Magda sonrió. Tenía un poco de sangre en la comisura de sus labios, aunque tal vez fuera vino.

—O sea que ha vuelto para ocupar su lugar como Mesías.

—Sí, aunque no como la gente se cree, diría yo.

—Hay gente que piensa que el Mesías es Juan.

—Juan es... es...

—Herodes se está cansando de él —apuntó Magda.

—Lo sé.

—¿Y Josh y tú os vais a quedar con Juan?

—Espero que no. Yo quiero que Joshua se vaya. Debo alejarlo de Juan un tiempo, ver qué es lo que está pasando por aquí. Tal vez eso del ayuno...

La portezuela de hierro que permitía la entrada al patio chirrió, y acto seguido se agitó todo el portón grande. Magda la había cerrado con llave. Un hombre soltó una maldición. Era evidente que Jakan tenía problemas con su llave.

Magda se puso en pie y tiró de mí para que me levantara.

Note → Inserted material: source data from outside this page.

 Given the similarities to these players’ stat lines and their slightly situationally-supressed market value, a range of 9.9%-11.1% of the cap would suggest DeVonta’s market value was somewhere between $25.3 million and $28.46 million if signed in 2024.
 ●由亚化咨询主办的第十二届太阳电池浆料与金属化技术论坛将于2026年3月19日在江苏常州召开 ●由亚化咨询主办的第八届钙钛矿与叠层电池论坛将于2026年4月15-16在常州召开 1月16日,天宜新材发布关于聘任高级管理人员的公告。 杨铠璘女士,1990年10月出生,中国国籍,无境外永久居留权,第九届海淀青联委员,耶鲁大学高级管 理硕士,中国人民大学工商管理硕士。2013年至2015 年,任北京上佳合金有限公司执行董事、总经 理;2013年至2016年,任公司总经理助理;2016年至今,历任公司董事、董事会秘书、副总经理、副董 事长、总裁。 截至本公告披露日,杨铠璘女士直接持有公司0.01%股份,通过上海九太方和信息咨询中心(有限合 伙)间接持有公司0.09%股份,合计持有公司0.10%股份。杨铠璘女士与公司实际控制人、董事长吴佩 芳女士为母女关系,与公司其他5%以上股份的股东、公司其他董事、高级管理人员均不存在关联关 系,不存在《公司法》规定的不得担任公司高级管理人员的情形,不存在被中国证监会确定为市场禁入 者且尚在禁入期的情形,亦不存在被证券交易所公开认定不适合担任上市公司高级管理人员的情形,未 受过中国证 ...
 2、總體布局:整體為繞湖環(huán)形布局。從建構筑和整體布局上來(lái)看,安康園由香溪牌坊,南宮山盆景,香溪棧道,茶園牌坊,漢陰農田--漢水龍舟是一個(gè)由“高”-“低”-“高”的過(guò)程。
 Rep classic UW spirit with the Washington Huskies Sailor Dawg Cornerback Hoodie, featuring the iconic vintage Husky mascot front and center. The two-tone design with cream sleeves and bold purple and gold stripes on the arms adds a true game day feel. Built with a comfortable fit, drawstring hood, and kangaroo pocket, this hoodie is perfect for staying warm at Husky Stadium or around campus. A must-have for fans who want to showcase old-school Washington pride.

—Mira, yo voy a asistir a una boda en Caná dentro de un mes. Iré con mi hermana Marta una semana después de la celebración de los Tabernáculos. Jakan no puede ir, tiene una reunión con el sanedrín, o algo así. Ven a Caná. Y tráete a Joshua.

—Lo intentaré.

Se acercó corriendo a la sección más cercana del muro y colocó las dos manos en forma de estribo.

—Vamos, salta.

—Pero, Magda...

—No seas gallina. Ponme un pie en la mano, el otro en el hombro, y ya estás del otro lado. Cuidado con los trozos rotos de vasijas.

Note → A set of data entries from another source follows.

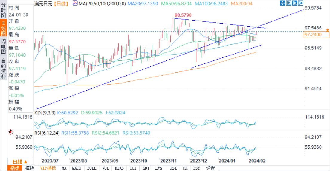 汇通财经APP讯——周五(2月9日),澳元兑日元一路攀升,现报97.2340,涨幅0.36%。
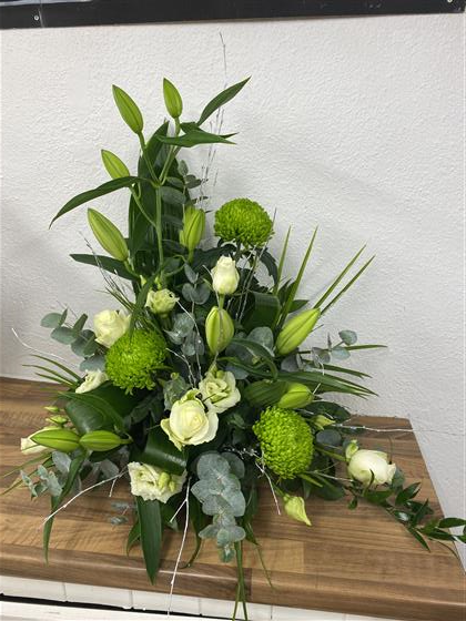 Florist Choice Sympathy Arrangement- And arrangement of flowers, made in a container. This design can be made in either front facing design or all round. Please select from the drop down box below.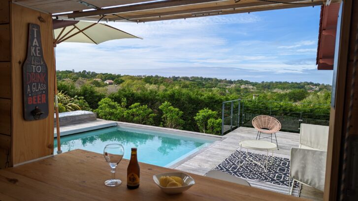 Il y a de forte chance que vous utilisiez cette pièce extérieure à la maison par sa situation avec vue sur la piscine et table bar.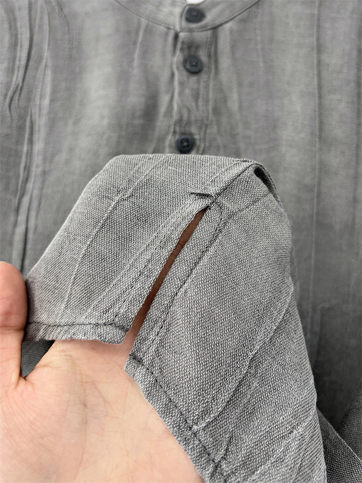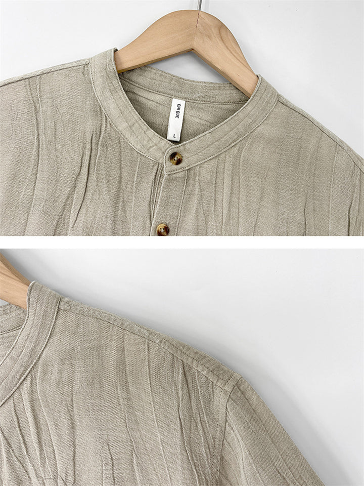 Men's Solid Color Cotton Linen Stand Collar Pullover Long Sleeve Shirts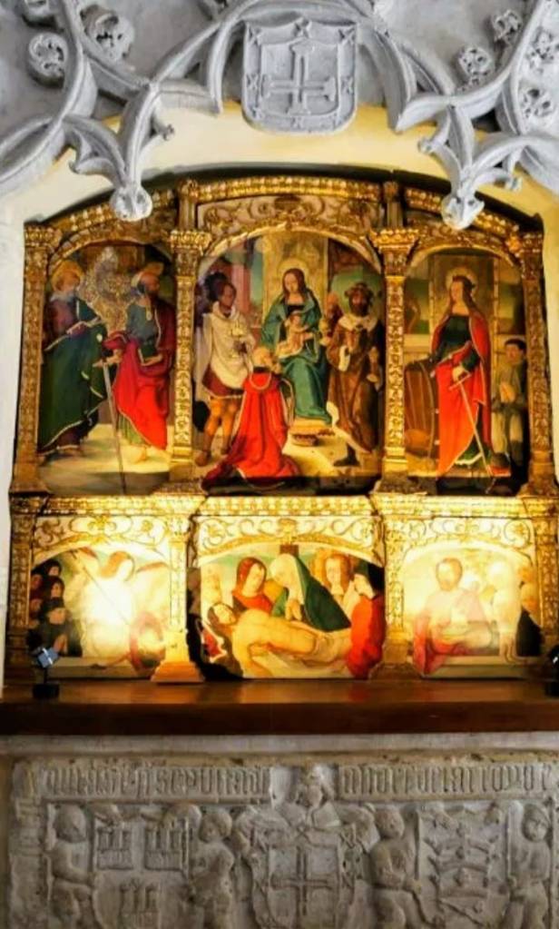Tras la restauración podemos disfrutar toda la riqueza cromática que ofrece este sitio donde están las sepulturas de la familia Noble de los Benavente .

Obedecí sus órdenes fielmente: puse un pie en el estribo, otro en el hombro, y estaba fuera antes de que Jakan entrara por la puerta.

—¡Ya está! ¡He atrapado a una! —dijo uno de los ciegos cuando fui a caer encima de él.

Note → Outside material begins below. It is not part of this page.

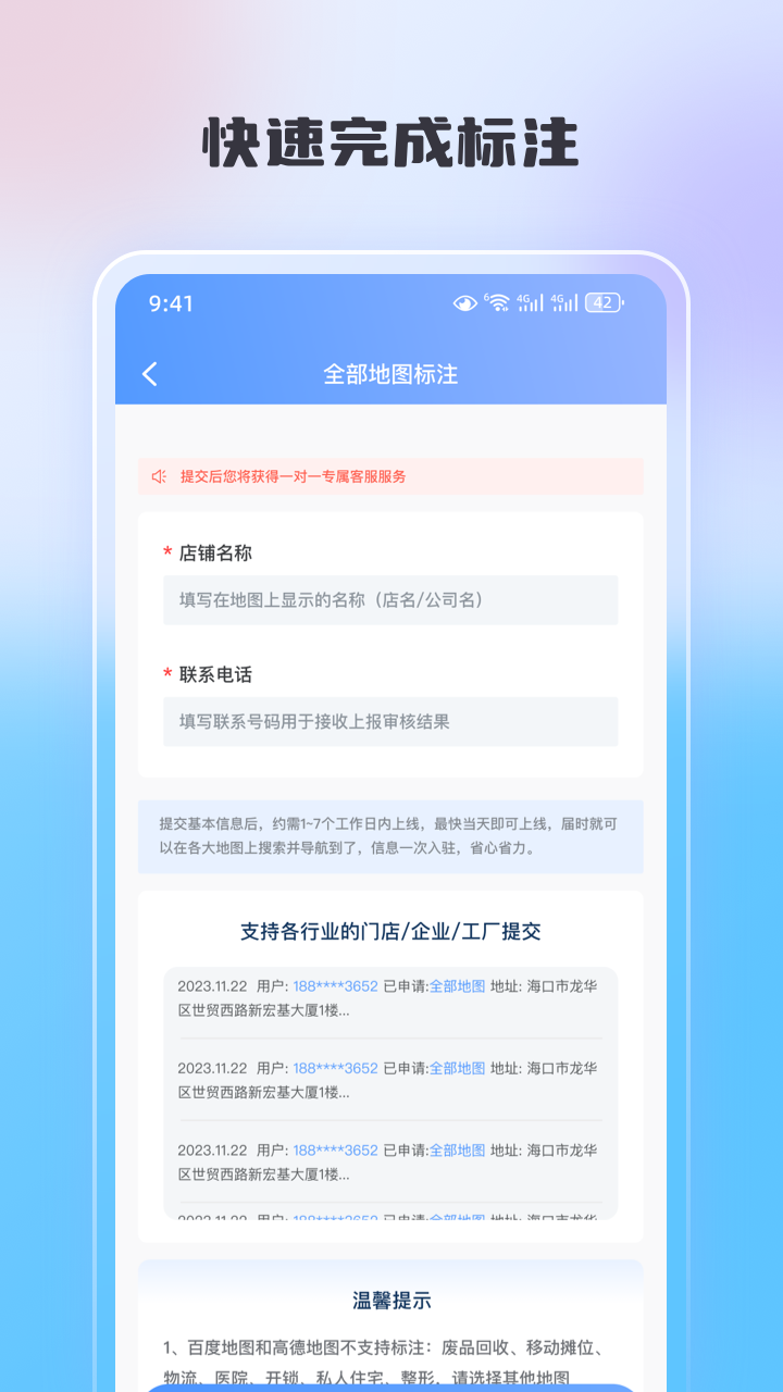 地圖標(biāo)注管家,提供代標(biāo)注服務(wù),微信地圖標(biāo)注 店鋪名稱,讓客戶快速找到您的店,標(biāo)注公司位置企業(yè)名片,微信地圖標(biāo)注.支持全部熱門導(dǎo)航地圖標(biāo)注快速申請(qǐng)標(biāo)注,全地圖標(biāo)注

—Sujétala fuerte mientras yo se la meto.

Cuando Joshua abandonó el desierto yo estaba sentado en una piedra, esperándolo. Me levanté para abrazarlo, y él se echó hacia delante y me dejó sujetarlo antes de que se desplomara. Lo tendí sobre la roca en la que me había sentado. Había sido lo bastante listo como para cubrirse las partes expuestas de su piel con barro, que probablemente habría mezclado con su propia orina para protegerla de quemaduras, pero en algunas partes de la frente y las manos el barro se había cuarteado y desprendido, y por los resquicios se veía que la tenía chamuscada, en carne viva. Sus brazos habían adelgazado tanto que parecían los de una niña, y las mangas de la túnica le venían muy anchas.